Il limite dei due anni - in effetti non superabile nell'arco della vita lavorativa anche nel caso di godimento cumulativo di entrambi i genitori - si riferisce a ciascun figlio che si trovi nella prevista situazione di bisogno, in modo da non lasciarne alcuno privo della necessaria assistenza che la legge è protesa ad assicurare.
Un lavoratore dipendente, avendo già fruito di due anni del congedo ex art. 4, comma 2, L. 53/2000 per assistere la figlia secondogenita portatrice di handicap grave, ha richiesto al Tribunale il riconoscimento del proprio diritto di beneficiare di ulteriori due anni di congedo, ai sensi dell'art. 42 comma 5 D.Lgs. 151/2001, per assistere il terzo figlio, pure portatore di handicap.

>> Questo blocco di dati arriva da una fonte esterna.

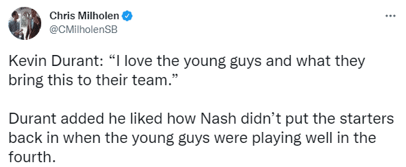 赛后,当篮网看到赢球希望时,纳什仍旧使用替补阵容却不用杜兰特和哈登被吐槽,不过杜兰特力挺纳什,赛后谈到纳什的决定,杜兰特表示:我爱这些年轻人,也爱他们为球队带来的一切。很高兴看到纳什没在这群年轻人打得很出色时再次换上首发。

Avverso l'accoglimento della richiesta da parte del Tribunale l'INPS proponeva ricorso per Cassazione lamentando la violazione e falsa applicazione del combinato disposto dell' artt. 42, secondo comma, D.Lgs. 151/2001, nel testo vigente ratione temporis, e dell'art. 4, secondo comma, L. 53/2000 e art. 2, secondo comma, D.M. 278/2000, affermando che non sarebbe possibile fruire più di una volta del congedo biennale nell'arco della vita lavorativa, in quanto il citato articolo 4 dispone espressamente "periodo di congedo, continuativo o frazionato, non superiore a due anni".Tale scelta legislativa, a dire del ricorrente, costituirebbe frutto del bilanciamento tra la tutela di situazioni familiari gravose e l'interesse alla produttività nazionale ex art. 41 Cost., considerato che, in caso di necessità, potrebbe fruire del congedo biennale l'altro genitore che non ne abbia usufruito.
La Corte di Cassazione respingendo la richiesta dell'INPS, richiamati i propri precedenti n. 11031/2017 e 4623/2010 (in materia di fruizione dei permessi di cui all'art. 42 D.Lgs. 165/2001), ha affermato che nessuna delle disposizioni legislative richiamate dall'INPS intende riferirsi letteralmente alla durata complessiva dei possibili congedi fruibili dall'avente diritto, nell'ipotesi in cui i soggetti da assistere fossero più di uno.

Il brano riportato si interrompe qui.